Segment Start: Input for this task
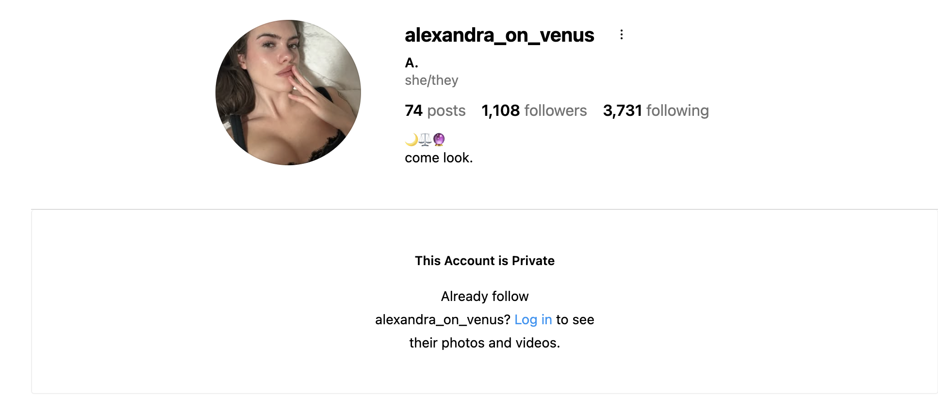 The account's tag is @alexandra_on_venus .I want to look at the posted photos but the account is private.If anyone here knows a way around that, could you post the first six photos.
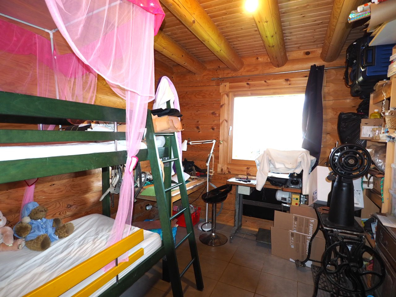 - étage: espace cloisonné en 3 petites pièces et espaces sous pente faisant office de greniers. Possibilité de faire une 3ème chambre avec une salle d'eau.
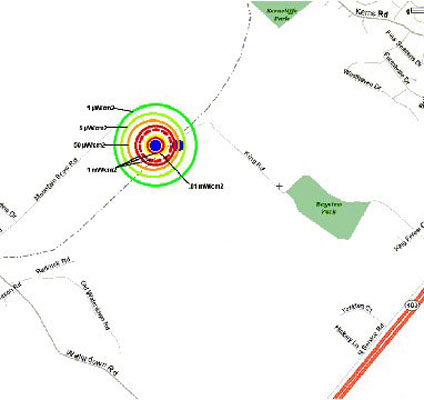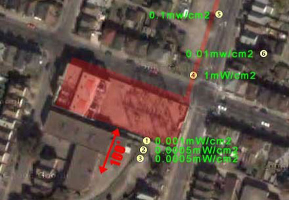 Figure 11b The residential neighborhood immediately to the right of the power lines drops off to 0.01mW/cm2 by the time it reaches the rear of the backyards. Properties close to high tension lines and cell towers will increasingly be perceived as hazardous and consequently have a lower property value.
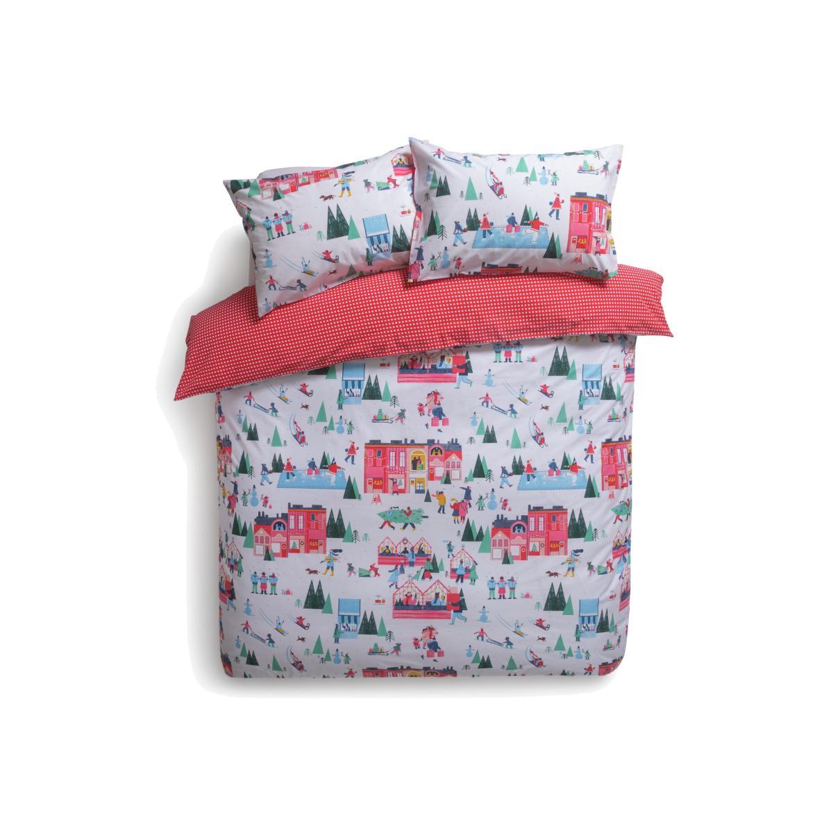 Dreaming of the big day? Our reversible king size duvet bed set makes the build-up to Christmas even more exciting. Slip in among the carol singers, shoppers and sledgers, all eagerly awaiting Santa's arrival. And when Christmas is over, flip it over for pretty polka dots in red and white. Made from clever polycotton, it's durable and a dream to clean too. Let the countdown begin. Set includes 1 duvet cover and 2 pillowcases. 144 thread count. Gentle wash at 40 C. Suitable for tumble drying. 52% Polyester, 48% Cotton percale. Reversible. Buttons for fastening.
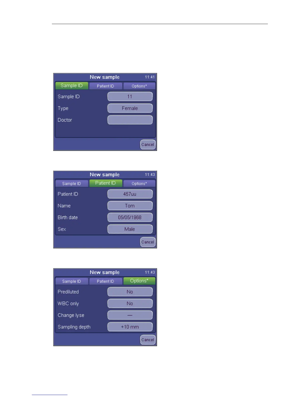 To enter sample information prior to sample analysis, touch sample info field in the
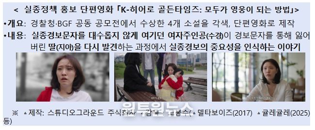 특히, 「K-히어로 골든타임즈: 모두가 영웅이 되는 방법」은 이날 처음 공개하는 단편영화로, 여자주인공(수경)이 실종경보문자를 통해 잃어버린 딸(지아)을 발견하면서 실종경보의 중요성을 깨닫는 이야기를 담았다.
Segment End: Input for this task
*Problem description*
Because only the text is wanted, copy each record above precisely and omit its pictures.

*Reply*
 The account's tag is @alexandra_on_venus .I want to look at the posted photos but the account is private.If anyone here knows a way around that, could you post the first six photos.
 - étage: espace cloisonné en 3 petites pièces et espaces sous pente faisant office de greniers. Possibilité de faire une 3ème chambre avec une salle d'eau.
 Figure 11b The residential neighborhood immediately to the right of the power lines drops off to 0.01mW/cm2 by the time it reaches the rear of the backyards. Properties close to high tension lines and cell towers will increasingly be perceived as hazardous and consequently have a lower property value.
 Dreaming of the big day? Our reversible king size duvet bed set makes the build-up to Christmas even more exciting. Slip in among the carol singers, shoppers and sledgers, all eagerly awaiting Santa's arrival. And when Christmas is over, flip it over for pretty polka dots in red and white. Made from clever polycotton, it's durable and a dream to clean too. Let the countdown begin. Set includes 1 duvet cover and 2 pillowcases. 144 thread count. Gentle wash at 40 C. Suitable for tumble drying. 52% Polyester, 48% Cotton percale. Reversible. Buttons for fastening.
 To enter sample information prior to sample analysis, touch sample info field in the
 특히, 「K-히어로 골든타임즈: 모두가 영웅이 되는 방법」은 이날 처음 공개하는 단편영화로, 여자주인공(수경)이 실종경보문자를 통해 잃어버린 딸(지아)을 발견하면서 실종경보의 중요성을 깨닫는 이야기를 담았다.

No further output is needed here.